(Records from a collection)
+ + + +
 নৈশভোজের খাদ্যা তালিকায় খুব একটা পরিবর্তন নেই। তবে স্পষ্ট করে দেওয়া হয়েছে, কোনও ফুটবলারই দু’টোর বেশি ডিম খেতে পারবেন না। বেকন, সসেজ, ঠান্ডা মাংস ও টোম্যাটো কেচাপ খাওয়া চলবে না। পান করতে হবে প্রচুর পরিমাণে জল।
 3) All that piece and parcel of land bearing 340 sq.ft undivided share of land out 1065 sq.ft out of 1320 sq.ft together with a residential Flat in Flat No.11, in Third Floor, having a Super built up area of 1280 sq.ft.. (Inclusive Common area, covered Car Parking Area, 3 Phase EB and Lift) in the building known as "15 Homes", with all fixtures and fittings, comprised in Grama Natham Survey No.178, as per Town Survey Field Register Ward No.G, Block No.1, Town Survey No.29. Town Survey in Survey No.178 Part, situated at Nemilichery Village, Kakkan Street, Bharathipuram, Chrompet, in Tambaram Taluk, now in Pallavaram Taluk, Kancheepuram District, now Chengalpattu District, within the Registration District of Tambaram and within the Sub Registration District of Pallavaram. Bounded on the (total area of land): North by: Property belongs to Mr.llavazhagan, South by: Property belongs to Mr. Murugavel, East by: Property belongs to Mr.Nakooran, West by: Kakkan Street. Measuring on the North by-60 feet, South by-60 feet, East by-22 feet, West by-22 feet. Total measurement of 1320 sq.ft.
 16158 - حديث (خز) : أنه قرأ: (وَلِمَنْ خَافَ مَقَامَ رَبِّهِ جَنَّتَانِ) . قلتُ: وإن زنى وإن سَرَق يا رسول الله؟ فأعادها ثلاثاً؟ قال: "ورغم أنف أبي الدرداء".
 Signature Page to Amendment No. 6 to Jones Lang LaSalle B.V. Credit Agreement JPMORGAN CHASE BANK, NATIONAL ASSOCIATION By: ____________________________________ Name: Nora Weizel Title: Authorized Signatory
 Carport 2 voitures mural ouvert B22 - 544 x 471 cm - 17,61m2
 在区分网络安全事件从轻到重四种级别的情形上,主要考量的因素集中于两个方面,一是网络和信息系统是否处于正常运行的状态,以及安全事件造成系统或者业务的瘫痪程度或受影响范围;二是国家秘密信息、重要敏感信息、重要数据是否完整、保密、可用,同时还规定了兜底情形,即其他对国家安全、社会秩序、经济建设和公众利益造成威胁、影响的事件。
+ + + +
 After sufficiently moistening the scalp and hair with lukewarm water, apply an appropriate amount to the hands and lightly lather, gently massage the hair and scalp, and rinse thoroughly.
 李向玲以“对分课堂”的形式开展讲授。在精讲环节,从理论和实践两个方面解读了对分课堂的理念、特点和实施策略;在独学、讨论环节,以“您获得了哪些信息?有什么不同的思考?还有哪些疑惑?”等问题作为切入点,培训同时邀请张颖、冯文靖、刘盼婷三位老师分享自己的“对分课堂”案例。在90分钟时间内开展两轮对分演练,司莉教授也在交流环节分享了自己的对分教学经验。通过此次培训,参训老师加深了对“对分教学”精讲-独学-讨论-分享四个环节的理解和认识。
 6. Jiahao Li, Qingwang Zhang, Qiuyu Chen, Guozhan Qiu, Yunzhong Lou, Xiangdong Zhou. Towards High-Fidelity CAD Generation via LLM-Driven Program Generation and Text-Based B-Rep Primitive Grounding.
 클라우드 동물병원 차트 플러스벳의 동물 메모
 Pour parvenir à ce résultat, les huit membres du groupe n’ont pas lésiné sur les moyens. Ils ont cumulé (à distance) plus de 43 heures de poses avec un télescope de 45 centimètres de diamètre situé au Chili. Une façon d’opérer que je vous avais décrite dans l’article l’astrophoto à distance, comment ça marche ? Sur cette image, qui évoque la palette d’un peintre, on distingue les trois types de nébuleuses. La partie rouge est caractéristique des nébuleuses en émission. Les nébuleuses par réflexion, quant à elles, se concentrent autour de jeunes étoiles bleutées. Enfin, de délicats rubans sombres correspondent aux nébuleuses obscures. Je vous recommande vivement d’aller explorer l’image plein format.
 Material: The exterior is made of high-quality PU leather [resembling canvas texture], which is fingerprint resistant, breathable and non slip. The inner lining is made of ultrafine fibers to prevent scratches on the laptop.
+ + + +
■ **Problem to work on**
Return only the lines between the one holding "16158 - حديث" and the one holding "在区分网络安全事件从轻到重四", inclusive, exactly as they appear above.

■ **Answer to the exercise**
 16158 - حديث (خز) : أنه قرأ: (وَلِمَنْ خَافَ مَقَامَ رَبِّهِ جَنَّتَانِ) . قلتُ: وإن زنى وإن سَرَق يا رسول الله؟ فأعادها ثلاثاً؟ قال: "ورغم أنف أبي الدرداء".
 Signature Page to Amendment No. 6 to Jones Lang LaSalle B.V. Credit Agreement JPMORGAN CHASE BANK, NATIONAL ASSOCIATION By: ____________________________________ Name: Nora Weizel Title: Authorized Signatory
 Carport 2 voitures mural ouvert B22 - 544 x 471 cm - 17,61m2
 在区分网络安全事件从轻到重四种级别的情形上,主要考量的因素集中于两个方面,一是网络和信息系统是否处于正常运行的状态,以及安全事件造成系统或者业务的瘫痪程度或受影响范围;二是国家秘密信息、重要敏感信息、重要数据是否完整、保密、可用,同时还规定了兜底情形,即其他对国家安全、社会秩序、经济建设和公众利益造成威胁、影响的事件。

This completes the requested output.